A clinical trial focused on a device is markedly different than one focused on a drug—a distinction that sometimes gets lost, warns Rob Romanchuk, BHS, CIP, CCRC, CCRCP, vice chair of Schulman IRB.
“They’re twin sons of different mothers,” Romanchuk says. “They’re different in nature.” The U.S. Food and Drug Administration emphasizes that the intended use of drugs is achieved through chemical action or by being metabolized by the body. A device, on the other hand, is not dependent on being metabolized by the body to achieve any of its intended purposes.
For these and other reasons, the execution of device studies is different, Romanchuk says. “If research professionals don’t understand the distinction at its most fundamental levels, then it’s problematic,” he adds. However, professionals who become well versed in both can move back and forth between conducting device or drug studies.
Romanchuk has worked both sides of the street. He focused on research operations for more than a decade in terms of conducting and managing studies, and building the infrastructure for research. He also spent time as a professional on the human subjects protection side of the equation.
One of the biggest differences between device and drug trials is the issue of permanence. When a drug is not approved by regulatory authorities or otherwise is dropped from the clinical trials process, it is not usually that complex to discontinue its use in participants and turn off the lights on the study. However, if a device in clinical trials is disapproved or abandoned, the issue is complicated if it’s some kind of implant, Romanchuk points out.
Webinar: Meeting the Challenges of Device Studies. Join Romanchuk June 21 for this ACRP Webinar that will help you identify best practices to assure successful device studies, understand the differences between drug and device studies, and understand current trends and challenges related to device studies. View Program Details
Implications for a patient in a device trial are obviously different, Romanchuk notes: “That must be taken into account when you design a study, and when you inform and enroll subjects.”
There are other important differences to consider between device and drug trials. For example, there are usually far fewer participants in device trials, and there are no phases as such. Instead, the stages of research are divided into pilot studies to gauge effectiveness and optimize protocols, and pivotal studies for the intended populations.
Placebos are also problematic in device studies. “You don’t use that word in device studies,” Romanchuk notes.

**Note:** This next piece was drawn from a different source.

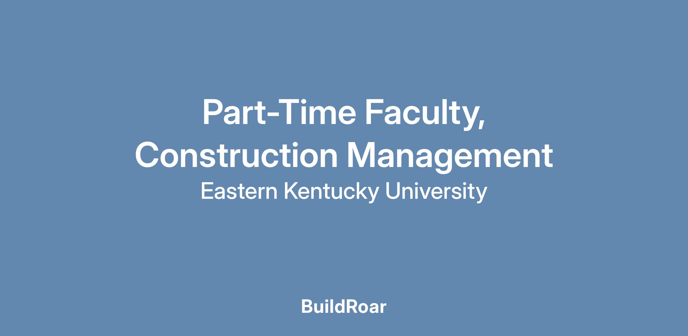 Job Summary/Basic Functions The Department of Justice, Safety, & Military Science at Eastern Kentucky University invites applications for a part-time faculty position to teach courses in Construction Management. |
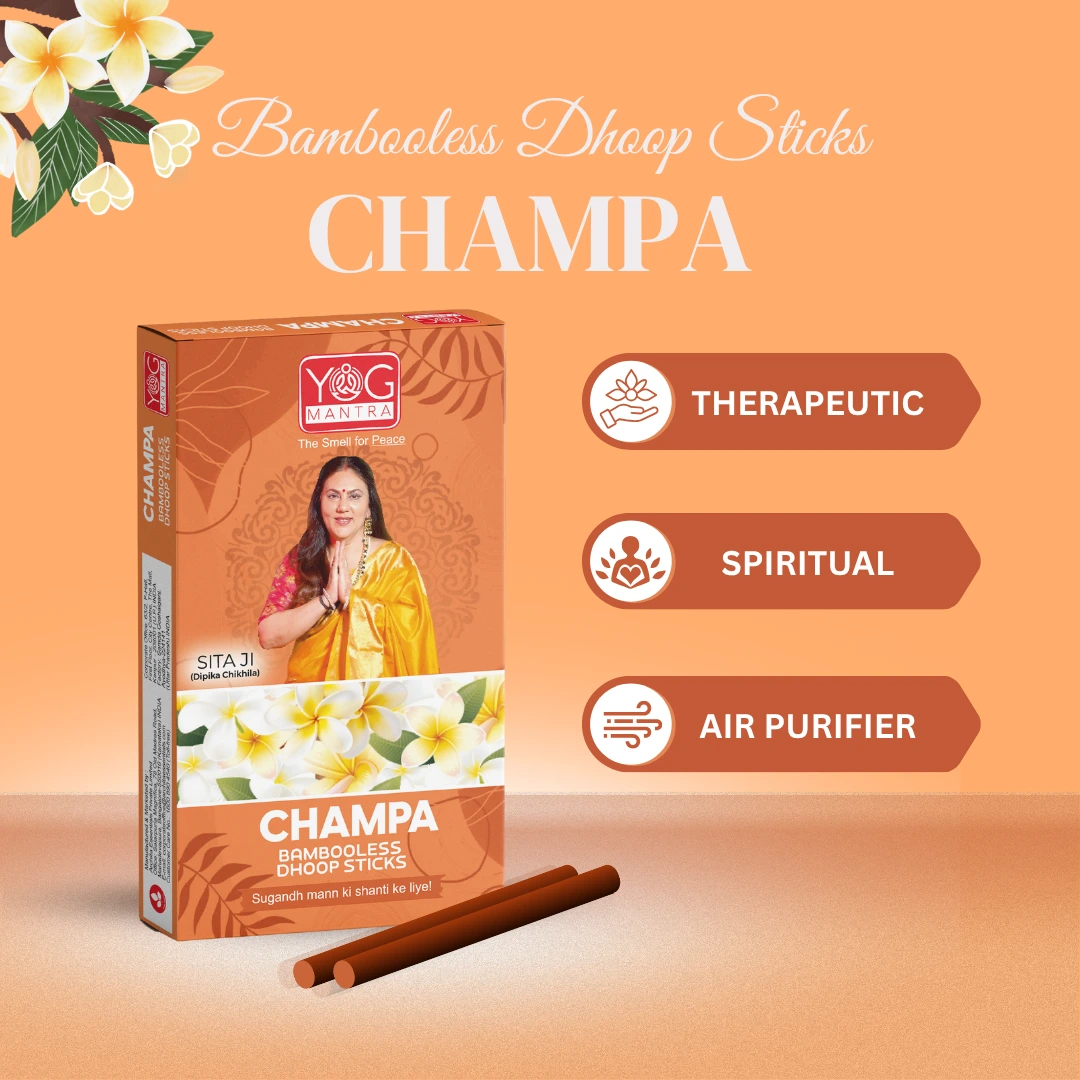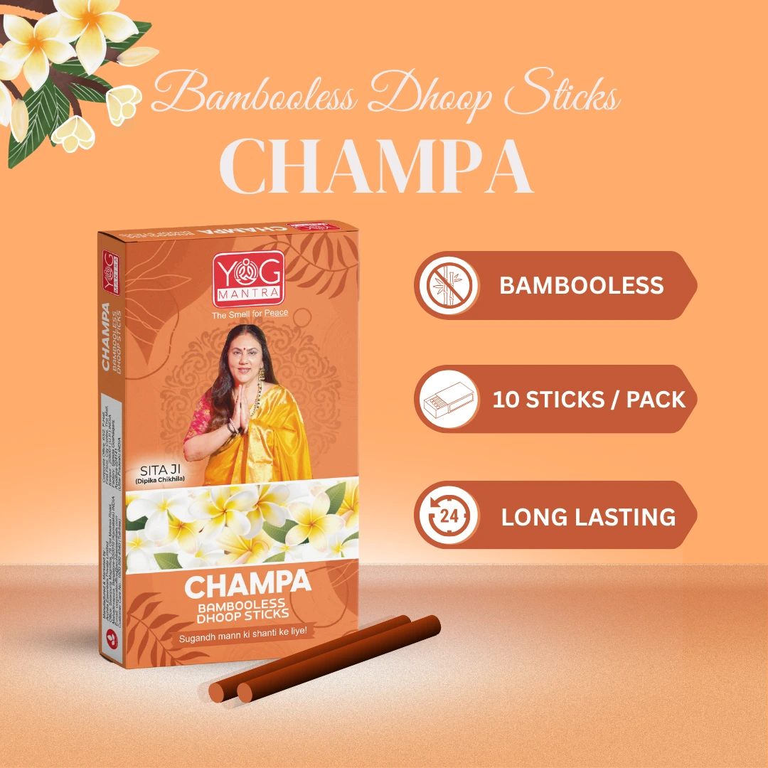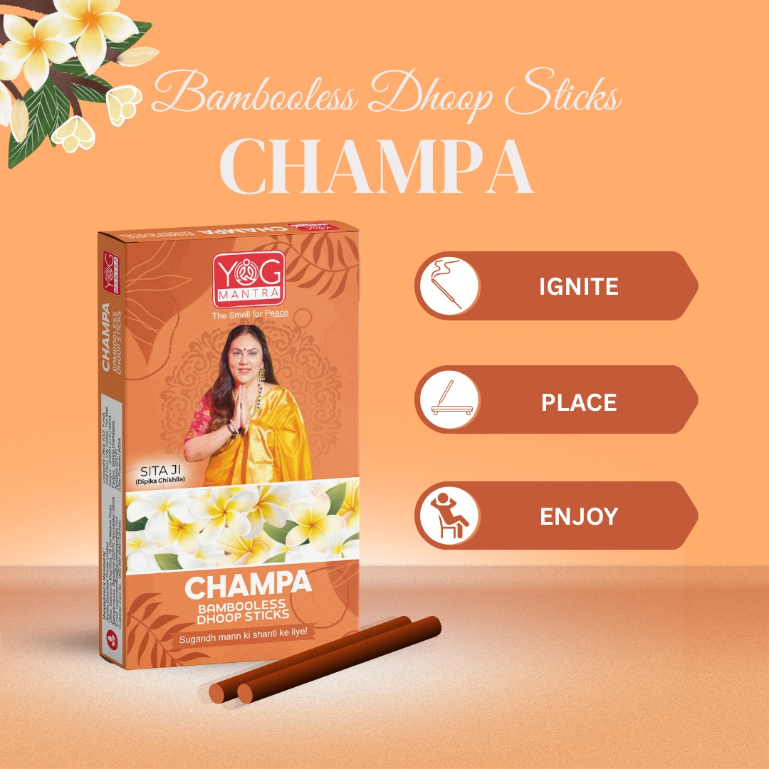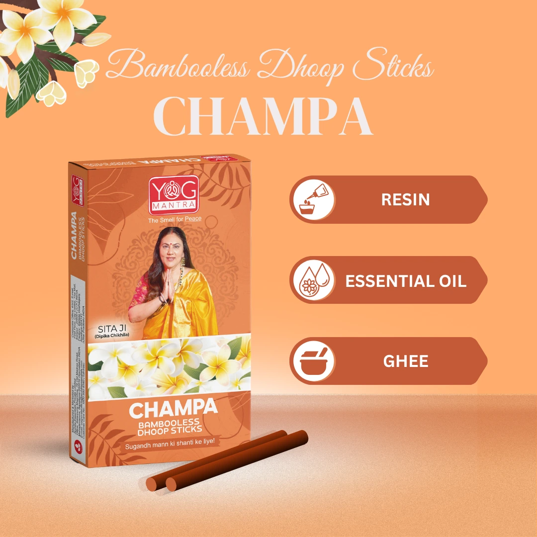YogMantra’s Champa Dhoop Stick Elevates your spiritual journey, its a fragrant companion to your moments of tranquillity. Crafted with care, these incense sticks are perfect for those seeking a serene ambiance during meditation or yoga sessions. Embrace the tranquillity with 100% natural ingredients, connecting you to the purity of nature.

What you’ll hear is about device investigators conducting “sham procedures.” In such cases, the study usually involves performing the procedure without implanting or activating the device, so that from the perspective of the patient, is it not possible to tell which arm s/he is in, Romanchuck explains.
Shams are usually single-blind, not double-blind, situations. “As you can imagine, a sham is impossible to pull off for the operator,” and that’s one of the reasons it’s not commonly used, Romanchuk says. However, it remains the closest you can get to a “placebo” in a device study.
A more common “placebo” equivalent is to implant the device in all subjects, but activate it for those in only one arm of the study. Then after treatment period one, either cross all subjects over to the other arm or make them all active for treatment period two. “Or you can tack on an ‘open-label’ extension [to the study], in which all subjects get active treatment,” Romanchuk says.
Doing this makes the “risk/benefit” discussion with potential participants in advance of a study much more straightforward, since all subjects stand to benefit at one point, according to Romanchuck. “If a sham or inactive arm is included in a study that requires a surgical procedure to implant a device, it’s hard to justify the risk with no benefit,” he adds.